HONOLULU, HAWAI‘I – In response to new evidence, Federal Judge Helen Gillmor has ordered that the City and County of Honolulu (“City”) must stop “immediately dispos[ing] of any property” under the Sidewalk Nuisance and Stored Property Ordinances (“Ordinances”). The only exceptions are for hazardous and perishable items. Although the City had previously told the Court that it was only collecting trash and that it was not destroying private property, the new evidence showed otherwise, and the City agreed to this new order restricting its activities.
ACLU Legal Director Dan Gluck said: “This Order gives the Plaintiffs in our lawsuit significant relief, and substantially changes what the City has been doing during its sweeps of homeless encampments. Effective immediately, the City must stop destroying homeless individuals’ property, unless the City documents specific reasons why an item is too hazardous or dangerous to store. The City must also give us prior notice of any future sweeps, and must video the sweeps and provide those videos to us; we will be monitoring the sweeps and will report any violations of the Order to the Court. If the City continues to conduct itself like it did in Kaka’ako in the last two months, it is subject to being held in contempt of Court.”
The Order requires the City, effective immediately, to:
- Tag and store all property not posing a public health or safety risk, and to cease throwing property into trash compactors.
- Post notices of sweeps and removal/recovery instructions for owners not present, and to cease destroying items without notice or recourse.
- Give property owners a chance to collect personal items after a sweep is underway, instead of threatening them with immediate arrest.
- Ease the previously onerous process for waivers of storage fees.
- Document with video when the City decides that property poses a public health or safety risk and cannot be stored.
During sweeps of Kaka’ako homeless persons, the City seized and disposed of over 134,000 pounds of property while storing for retrieval only 8 small containers of property.

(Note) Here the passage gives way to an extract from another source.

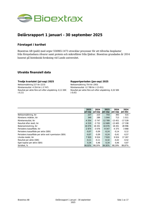 Bioextrax AB (publ.) (“Bioextrax”) offentliggör härmed delårsrapport för 1 januari – 30 september 2025. Delårsrapporten finns tillgänglig som bifogat dokument samt på bolagets hemsida (www.bioextrax.com).

The City has admitted that it has allocated only about 1,000 square feet of space to store all property taken under the Ordinances – clearly insufficient for the personal possessions of the hundreds of persons and families displaced by sweeps.
Kristin Holland, Of Counsel with Alston Hunt Floyd & Ing said: “We are glad that this agreement will require the City to follow the law while the case moves forward and as Hawaii’s lawmakers find ways to meaningfully address the crisis of homelessness. This case is not about people’s ‘right’ to live on sidewalks and no one is seeking to force the City to store trash or hazardous goods – there is no such right or obligation. It is about illegally taking and destroying personal possessions, the constitutional right of everyone to reclaim property seized by the government, and the right to challenge that seizure. These rights apply to everyone equally, rich or poor.”